Cinchcast Architecture - Producing 1,500 Hours of Audio Every Day
This is a guest post by Dr. Aleksandr Yampolskiy, CTO of Cinchcast and BlogTalkRadio, where he oversees Engineering, QA, TechOps, Telephony, and Product teams.
Cinchcast provides solutions that allow companies to create, share, measure and monetize audio content to reach and engage the people that are most important to their business. Our technology integrates conference bridge with live audio streaming to simplify online events and enhance participant engagement. The Cinchcast technology is also used to power Blogtalkradio, the world’s largest audio social network. Today our platform produces and distributes over 1,500 hours of original content every day. In this article, we describe the engineering decisions we have made in order to scale our platform to support this scale of data.
Stats
- Over 50 million page views a month
- 50,000 hours of audio content created
- 15,000,000 media streams
- 175,000,000 ad impressions
- Peak rate of 40,000 concurrent requests per second
- Many TB/day of data stored in MSSQL, Redis, and ElasticSearch clusters
- Team of 10 engineers (out of 20 Technology).
- Around a 100 hardware nodes in production.
Data Centers
- Production website is run from the data center in Brooklyn. We like to control our own destiny instead of relegating data to the cloud.
- Amazon EC2 instances are used mostly for QA and Staging environments.
Hardware
- About 50 web servers
- 15 MS SQL database servers
- 2 Redis NOSQL key value servers
- 2 NodeJS servers
- 2 servers for elastic search cluster
Dev Tools
- .NET 4 C# : ASP.NET and MVC3
- Visual Studio 2010 Team Suite as an IDE
- StyleCop, Resharper for enforcing code standards
- Agile development methodology, with Scrum used for large features and Kanban taskboard for smaller tasks
- Jenkins + Nunit for testing and continuous integration
- Sauce On Demand – Selenium for automation testing
Software And Technologies Used
- Windows Server 2008 R2 x64: Operating System
- SQL Server 2005 running under Microsoft Windows Server 2008 Web Server
- Equalizer load balancers: for load balancing
- REDIS: used as the distributed caching layer and for message pub-sub queue
- NODEJS for real-time analytics and updating studio dashboard
- ElasticSearch : for show search
- Sawmill + custom parser scripts: for log analysis
Monitoring
- NewRelic for performance monitoring
- Chartbeat for impact of performance on KPI (conversions, page views)
- Gomez, WhatsupGold, Nagios for various alerting
- SQL Monitor: from Red Gate - for SQL Server monitoring
Our Approach
- “Be brief, be bright, be gone” : Respect another person’s time. Don’t come with problems, come with solutions.
- Don’t go chasing hot technologies of the day. Instead ‘mitigate your top problems’. We adopt new technologies but do so, when the business case requires it. Appetite for Production outages decreases significantly when you have millions of users.
- Achieve “essential”, then worry about “excellent”.
- Be a “how team” instead of a “no team”.
- Build security into the software development lifecycle.
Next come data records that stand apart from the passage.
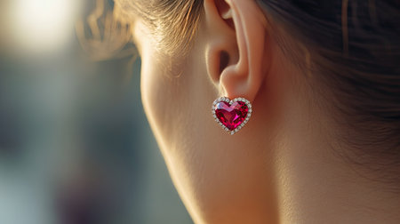 Close-up of a woman's ear showcasing elegant heart-shaped earrings adorned with sparkling red gemstones. Perfect for adding a touch of luxury and sophistication.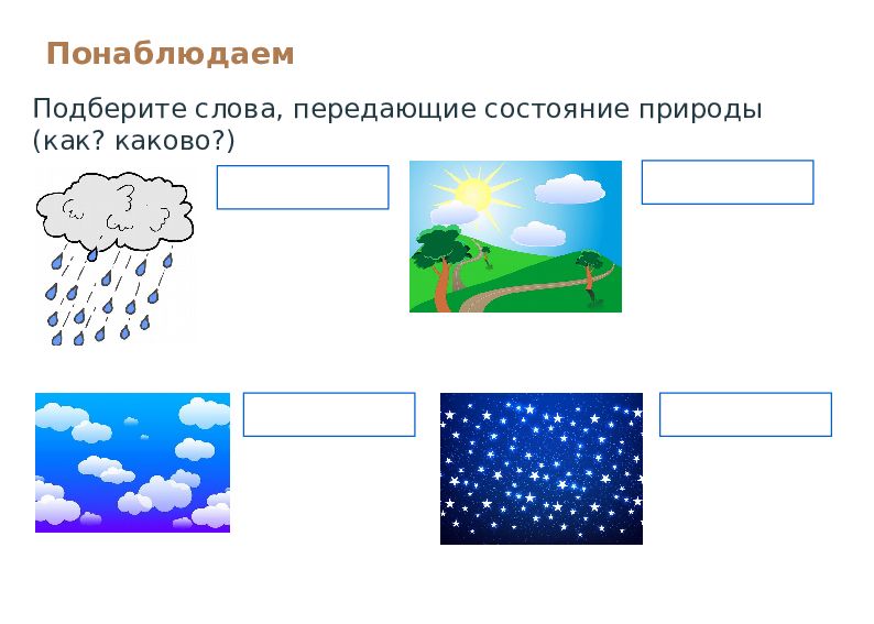 Слайд 10: Подберите слова, передающие состояние природы (как? каково?) Понаблюдаем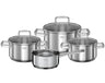 De Rosle Pannenset Moments biedt een uitgebreide set van zeven pannen voor alle kookbehoeften. Of je nu wilt bakken, braden, koken of stoven, deze set biedt de juiste pannen voor elke taak. De pannen zijn gemaakt van hoogwaardig roestvrij staal en geschikt voor gebruik op alle warmtebronnen, inclusief inductie. De set heeft een stijlvolle uitstraling die in elke moderne keuken past.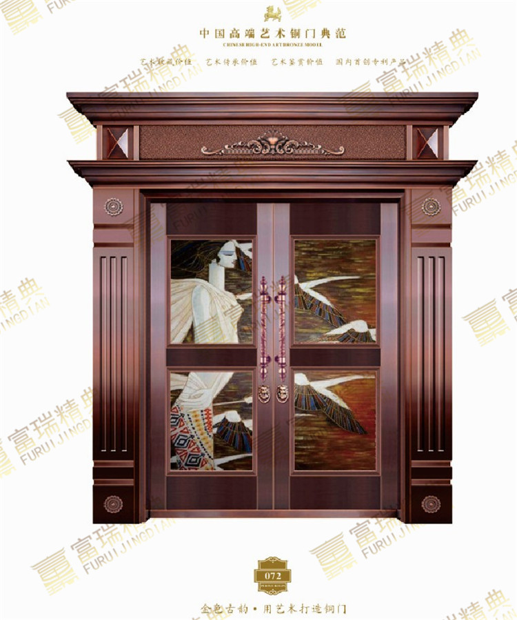 项目简介:重庆双开油画艺术铜门,铜艺与彩绘结合,我司已经申请专利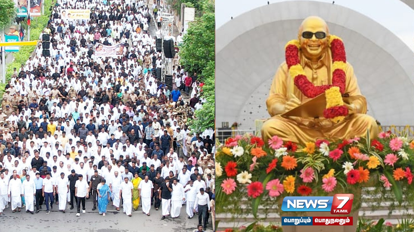 முன்னாள் முதலமைச்சர் கருணாநிதி நினைவு தினத்தையொட்டி, முதலமைச்சர் மு.க.ஸ்டாலின் தலைமையில் சென்னையில் அமைதிப் பேரணி இன்று நடைபெற்றது.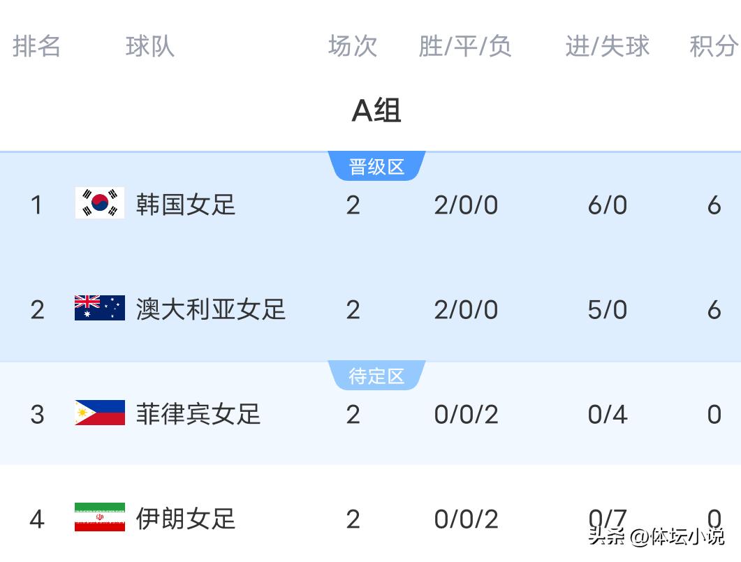 After the second round of matches, due to clear disparities in strength among the groups, the quarter-final picture has become very clear. Several title favorites all secured wins and advanced to the quarter-finals one round early without any surprises. North Korea, China, Australia, South Korea, and Japan all achieved two consecutive wins without conceding any goals, demonstrating impressive dominance. Of course, Japan's offensive power is undoubtedly the strongest, scoring 13 goals after two rounds, which is truly intimidating and can be called the sharpest spear!

You need to train developers on how to write secure software and make it a business priority from the start.
Architecture
- All Javascript, CSS and images are cached at the CDN level. The DNS points to a CDN which passes requests to origin servers. We use Cotendo because it allows to make L7 routing decisions at the CDN.
- Separate cluster of web servers is used to serve requests for regular users and requests for ad users, differentiated by a cookie.
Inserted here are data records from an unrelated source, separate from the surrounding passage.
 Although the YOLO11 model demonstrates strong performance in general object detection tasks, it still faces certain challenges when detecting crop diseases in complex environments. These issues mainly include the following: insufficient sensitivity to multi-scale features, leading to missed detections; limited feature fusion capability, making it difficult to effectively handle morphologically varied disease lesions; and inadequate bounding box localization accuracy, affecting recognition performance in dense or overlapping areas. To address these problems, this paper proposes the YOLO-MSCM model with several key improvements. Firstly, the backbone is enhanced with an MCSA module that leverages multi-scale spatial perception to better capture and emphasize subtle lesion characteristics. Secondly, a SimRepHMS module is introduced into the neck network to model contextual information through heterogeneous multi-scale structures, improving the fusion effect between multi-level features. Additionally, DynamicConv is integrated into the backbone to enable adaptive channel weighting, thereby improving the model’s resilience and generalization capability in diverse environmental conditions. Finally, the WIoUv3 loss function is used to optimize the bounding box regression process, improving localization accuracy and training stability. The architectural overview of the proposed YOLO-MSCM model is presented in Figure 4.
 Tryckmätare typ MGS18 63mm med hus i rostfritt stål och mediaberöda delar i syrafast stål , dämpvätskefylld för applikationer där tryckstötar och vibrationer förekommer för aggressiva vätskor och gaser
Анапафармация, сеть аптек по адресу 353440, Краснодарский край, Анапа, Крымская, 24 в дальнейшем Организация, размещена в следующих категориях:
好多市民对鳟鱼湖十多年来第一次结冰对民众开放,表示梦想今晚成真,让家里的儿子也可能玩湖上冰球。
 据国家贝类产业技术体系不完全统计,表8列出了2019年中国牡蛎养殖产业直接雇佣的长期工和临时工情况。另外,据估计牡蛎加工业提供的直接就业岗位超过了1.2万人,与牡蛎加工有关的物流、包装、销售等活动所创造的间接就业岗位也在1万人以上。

- We are moving towards a service-oriented architecture where key pieces of the system, such as search, authentication, caching, are RESTFUL services implemented in various languages. These services also provide a caching layer.
- REDIS NOSQL key-value store (redis.io) is used as a cache layer before database calls.
- Scaleout is used to maintain a session state across a garden of web servers. However, we are considering switching onto REDIS.
Lessons Learned
- Text search in SQL server database doesn’t work well. It was clogging up the CPU so we switched to ElasticSearch (a Lucene derivative).
- The built-in session module by Microsoft is prone to deadlocks, so we ended up replacing it with AngiesList session module, storing data to REDIS.
- Logging is key to detecting problems.
- Reinventing the wheel can be a good thing. For example, initially we used a vendor product for bundling JS/CSS together which started causing performance issues. We then rewrote bundling ourselves, and significantly improved performance of our site.
- Not all data is relational, so database isn’t always a good medium. A good analogy is “Imagine you have water flowing down the pipe. The pipe is wide at the top but gets narrow towards the bottom.” The top is the web servers (there are many of them), the bottom is the databases (there are few and they get clogged up).
- Not using metrics in your development process is like trying to land a plane in a storm with your altimeter not working. Throughout your development process, compute metrics such as site throughput, time to fix Blocker/Critical bugs, code coverage and use them to gauge your performance.